Protobuf compatibility was the only sharp edge.
When a packet protobuf schema gained a field, all consumers had to regenerate.
The shared proto/ repo with a single generator command made this manageable, but it is now a real piece of the build process where there was nothing equivalent on the JSON side.

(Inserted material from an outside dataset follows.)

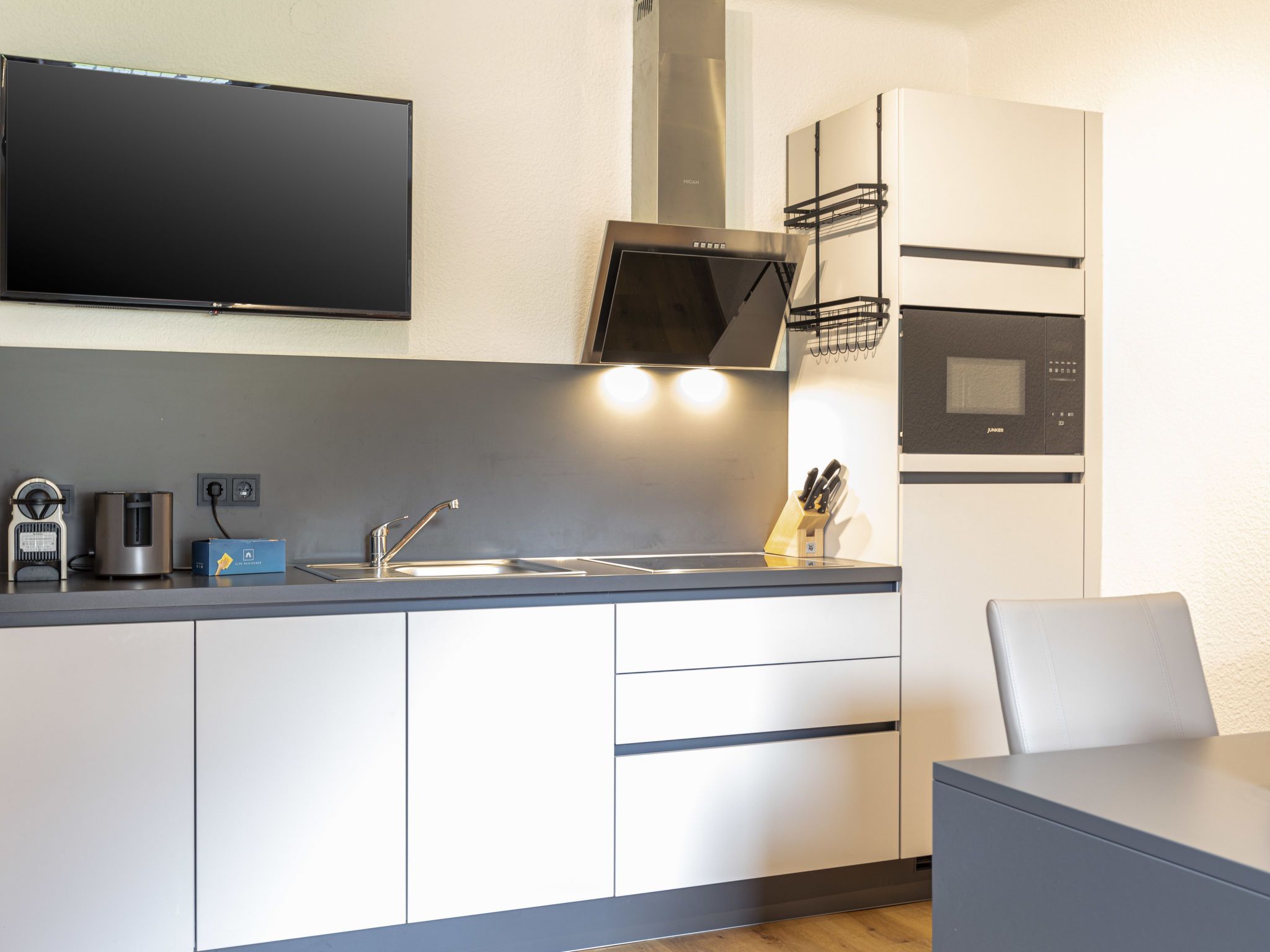 für bis zu 2 Personen, 2-Zimmer-Wohnung 35 bis 40 m2. Hell, modern eingerichtet: 1 Doppelzimmer. Wohnküche (Geschirrspüler, 4 Glaskeramikplatten, Toaster, Mikrowelle, elektrische Kaffeemaschine, Kapseln für die Kaffeemaschine (Nespresso) extra). Dusche/WC. Holzdielenboden. Balkon oder Terrasse. Balkonmöbel. Sehr schöne Panoramasicht. Zur Verfügung: Internet (WLAN, gratis). Bitte beachten: Nichtraucher-Unterkunft. Maximal 1 Haustier/Hund erlaubt. Rauchmelder. Beim Mietobjekt handelt es sich um ein Typenhaus bzw. Um eine Typenwohnung. EZ152

A worthwhile trade for the size reduction.

Go's CGO toolchain was avoided.
All services build with CGO_ENABLED=0 and ship as static binaries on Alpine.

Upgrade notes for operators

One thing to be aware of when running this release:

Template & tag regular expressions.

  • Go uses RE2, which does not support backreferences or lookaround.
  • Any existing pcap / template / tag rule that relied on those constructs needs to be rewritten.
  • The new Whisperer Config Playground (added in the same release) validates rules against the actual Go parser before saving, so the change is visible immediately.

The rest of the migration is transparent.

  • The HTTP, PostgreSQL, and TCP indices on Elasticsearch are unchanged.
  • The GUI queries are unchanged.
  • The backend services are compatible with JSON and protobuf.

Closing

Three months ago, the Controller rewrite produced a single Go binary running as drop-in replacement as Node.js generation, with better scaling headroom on large clusters.
Today, seven more services have crossed the same line, and the wire formats they share have followed.

The combined effect on a representative cluster:

  • ~78% less memory in redis-pack
  • ~3× less CPU on Pack-Read
  • ~2.7× less CPU on Web-Write
  • ~33% lower latency on the hottest inter-service call

The global effect is clearly visible in the billing dashboard, that tracks global CPU usage over time.
The same setup and load that was measured and invoiced at 3.5 CPU on average is now running with 1.9 CPU, to parse 190 GB/day!

February:
CoresFebruary2026.png

May: CoresMay2026.png

The same workflow - Claude as co-author, real cluster as integration environment, good monitoring as the scoreboard - is what made it tractable.
The remaining Node.js services in the pipeline will be revisited when their cost / benefit lines up; the migration is paced to value, not to ideology.